With basic syntax, py markdown was a bit faster on the short tests I ran. Once you threw in an extension like footnotes, py markdown2 was faster. To be precise, it didn’t slow down compared to the basic syntax run, while py markdown got slower. We aren’t talking orders of magnitude here, just 10’s of ms.
Since I’m calling Markdown from a Python program, I decided not to use Discount. I’d also like to use SmartyPants, so that factors into my decision. Speed ultimately isn’t a huge factor. My script generates pages for static serving, so nothing is run on the fly. And since it only generates pages that have been modified, the extra milliseconds saved by using one implementation over another is minor.
To make a long story short, py markdown was not converting some markdown markup (headings with links embedding in them) that were interspersed amongst some pretty complicated HTML tables. The page in question was the Kodak technical documents page and the markup in question is the last headline, “Other chemicals.” To be fair, I had problems reproducing this with test markup. py markdown2 didn’t have this problem.

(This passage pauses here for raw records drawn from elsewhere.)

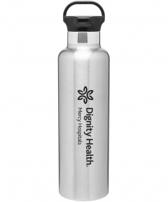 24 oz powder coated double wall 18/8 stainless steel thermal bottle with copper vacuum insulation, threaded gear-shaped insulated lid and carrying handle Complies with FDA, Prop 65. 11.25" H x 3" W
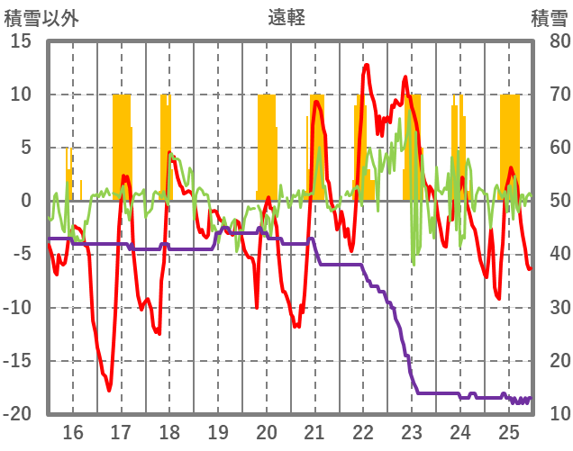 | 日 | 時 | 気温 | 降水 | 風向/風速 | 日照 | 積雪 | 降雪 |
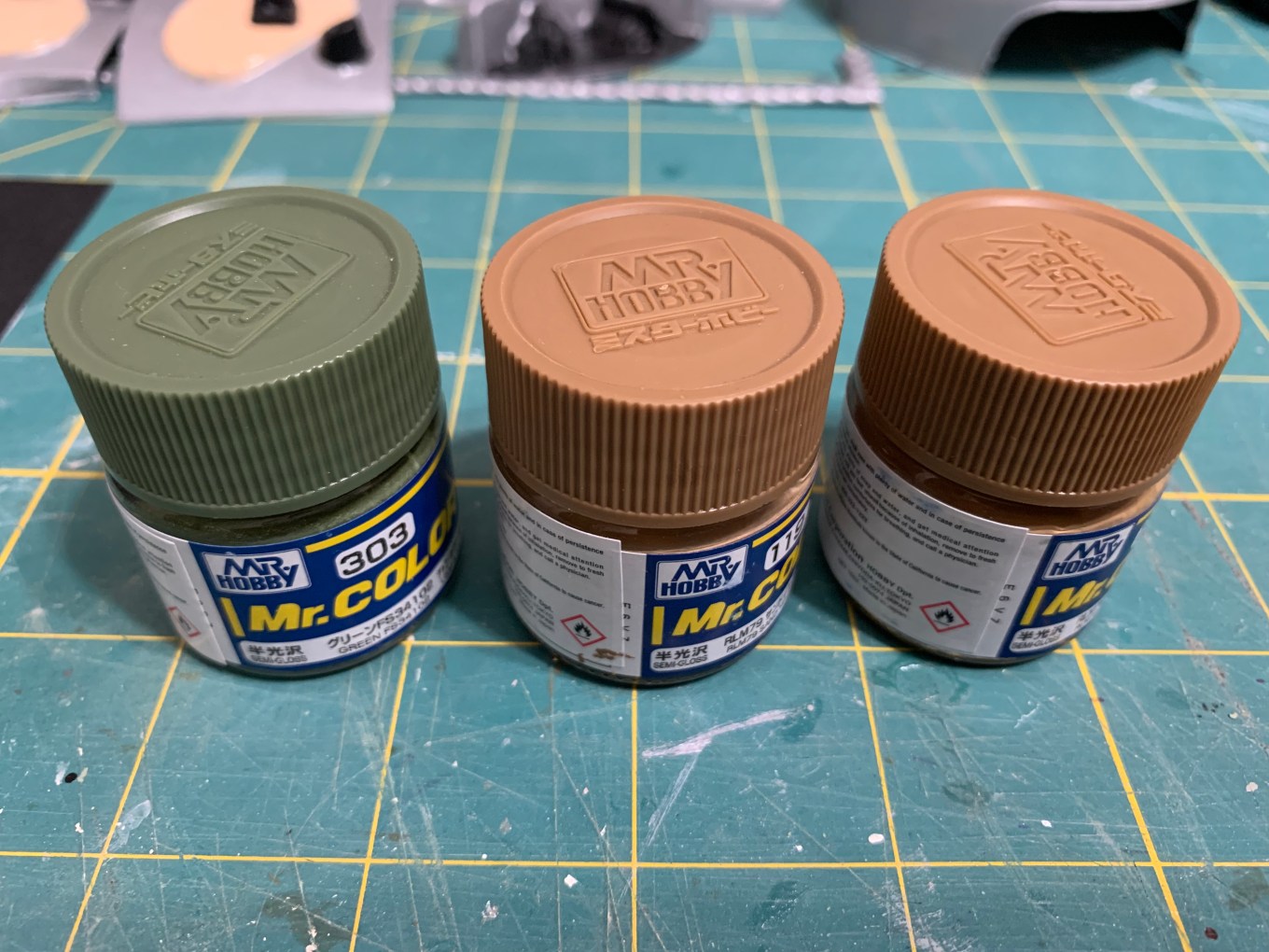 Two coats looked very nice so now I was ready for my camouflage green. I diluted the green a little less than 1:1 as I was painting over the brown paint. Using the box photo again as a sort of guide, I painted my random pattern. Turns out it took three coats to fully hide the brown color underneath and for not being an artist, I thought it turned out fairly nicely.

However, with SmartyPants switched on, py markdown2 was butchering some images and links that had been run through the markdown part of the process already. It was substituting HTML entities for quotes and double quotes inside tags. That’s a no-no. It’s a known issue for py markdown2, but I don’t see it getting fixed anytime soon.
After doinking around with it for a bit, I just decided to not use py markdown2’s SmartyPants extension, and instead just run my markdowned text through py SmartyPants. This gives me more control anyway and doesn’t seem to incur a huge speed hit.